Il ajoute enfin que la résistance des deux défenderesses à lui régler les sommes dues lui a causé un préjudice dont il doit être indemnisé.
Par ses dernières conclusions notifiées par voie électronique le 24 juin 2025 auxquelles il convient de se référer pour plus ample exposé, Madame [J] [A] demande au tribunal, au visa des articles 117 et suivants du code de procédure civile et de l’article 55 du décret n°67-223 du 17 mars 1967, de :
— Prononcer la nullité de l’assignation introductive d’instance, le syndicat des copropriétaires n’étant pas régulièrement habilité à agir faute de vote régulier à la majorité de l’article 24 de l’ensemble des copropriétaires présents à l’assemblée.
Subsidiairement, sur le fond.
— Juger que le syndicat des copropriétaires en l’absence de constatations contradictoires n’apporte pas la preuve de ses affirmations selon lesquelles le sinistre serait consécutif à une pointe posée dans le plafond de Madame [A].
— Juger que l’affirmation de la société GALATHERM relative à l’origine du sinistre est d’autant plus sujette à caution que celle-ci est sous-traitante de la société DALKIA, chargée de l’entretien.
— Juger que l’affirmation de la société GALATHERM est d’autant plus invraisemblable que les travaux réalisés dans l’appartement de Madame [A] l’ont été 13 ans avant le sinistre et ont consisté en la pose d’un plafond tendu, par définition sans accrochage au plafond.

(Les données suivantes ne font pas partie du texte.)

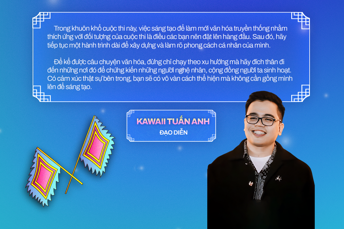 Đạo diễn “Made in Vietnam” cũng dành lời khuyên thực tế cho các thí sinh: đừng chỉ “Google” và dừng lại ở những thông tin bề mặt. Văn hóa cần được trải nghiệm trực tiếp: hãy đi, hãy sống cùng không gian, con người, nghi lễ và tập quán để chạm được vào phần “hồn” sâu nhất. Chỉ khi ấy, sản phẩm sáng tạo mới thực sự có chiều sâu và chạm tới trái tim công chúng.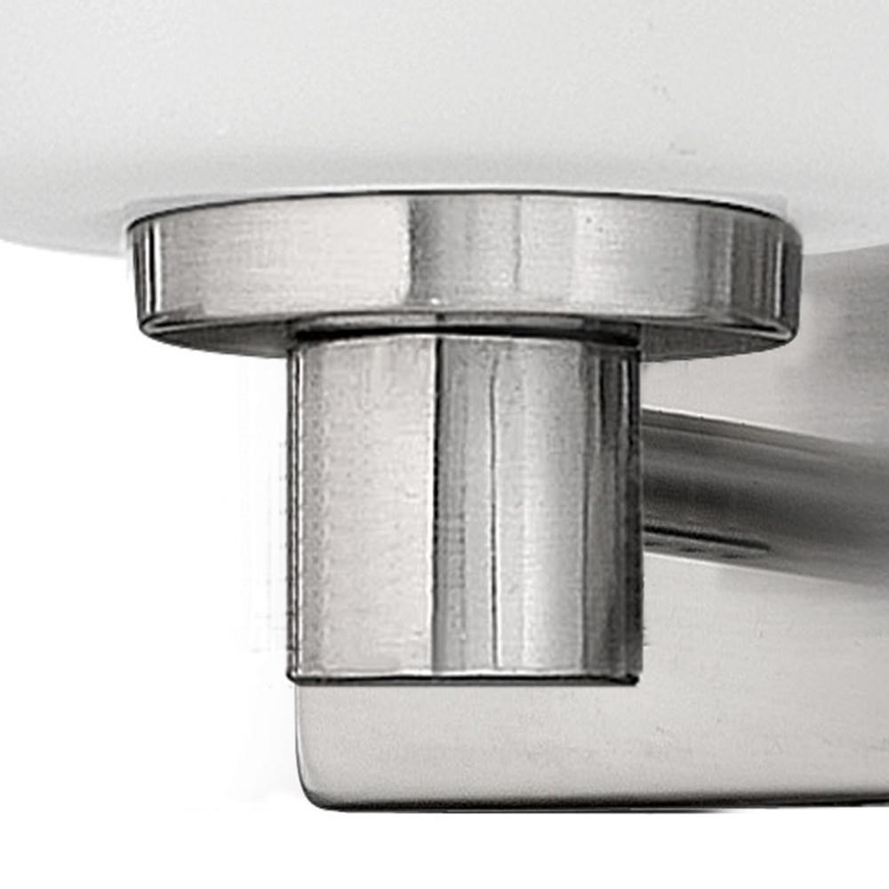 Karlie's clean design is transitional in style and will complement a variety of décor. Featuring precision die-cast cups and cylindrical, etched opal glass, it is available in Brushed Nickel and Chrome.

— Juger en conséquence la demande mal fondée.
— La rejeter.
— Juger recevable mais mal fondée la demande en garantie formée dans ses conclusions par Madame [B] à l’encontre de Madame [A].
Subsidiairement,
— Constater que le préjudice invoqué n’est pas justifié.
Statuant sur la demande reconventionnelle
— Condamner le syndicat des copropriétaires au paiement de la somme de 3 000 euros à titre de dommages et intérêts pour abus de procédure.
— Condamner le syndicat des copropriétaires en application de l’article 700 au paiement de la somme de 3000 euros en application de l’article 700 du code de procédure civile.
— Le condamner aux dépens.
— Préciser que dans le cadre de la copropriété, Madame [A] sera dispensée de contribuer au financement des sommes mises à la charge du Syndicat des copropriétaires.
Elle expose en substance que l’assignation qui lui a été délivrée est nulle pour ne pas mentionner quelle assemblée générale a autorisé le syndic à agir en Justice et à défaut pour le syndic d’avoir été autorisé à agir à la majorité de l’article 24 puisque seuls les copropriétaires du bâtiment B se sont exprimés.
Sur le fond, elle conteste formellement être à l’origine du dysfonctionnement du câble chauffant situé entre les deux étages rappelant à cet égard qu’aucune constatation contradictoire n’a été réalisée, que les travaux de remise en état ayant été effectués, les désordres allégués ne peuvent plus être décelés ; que les travaux du plafond de son appartement datent de 2007 soit 13 ans avant l’apparition du sinistre invoqué et que le dysfonctionnement est lié à la vétusté de l’installation qui n’est pas utilisée conformément aux recommandations d’origine comme avait pu le souligner l’ancien syndic.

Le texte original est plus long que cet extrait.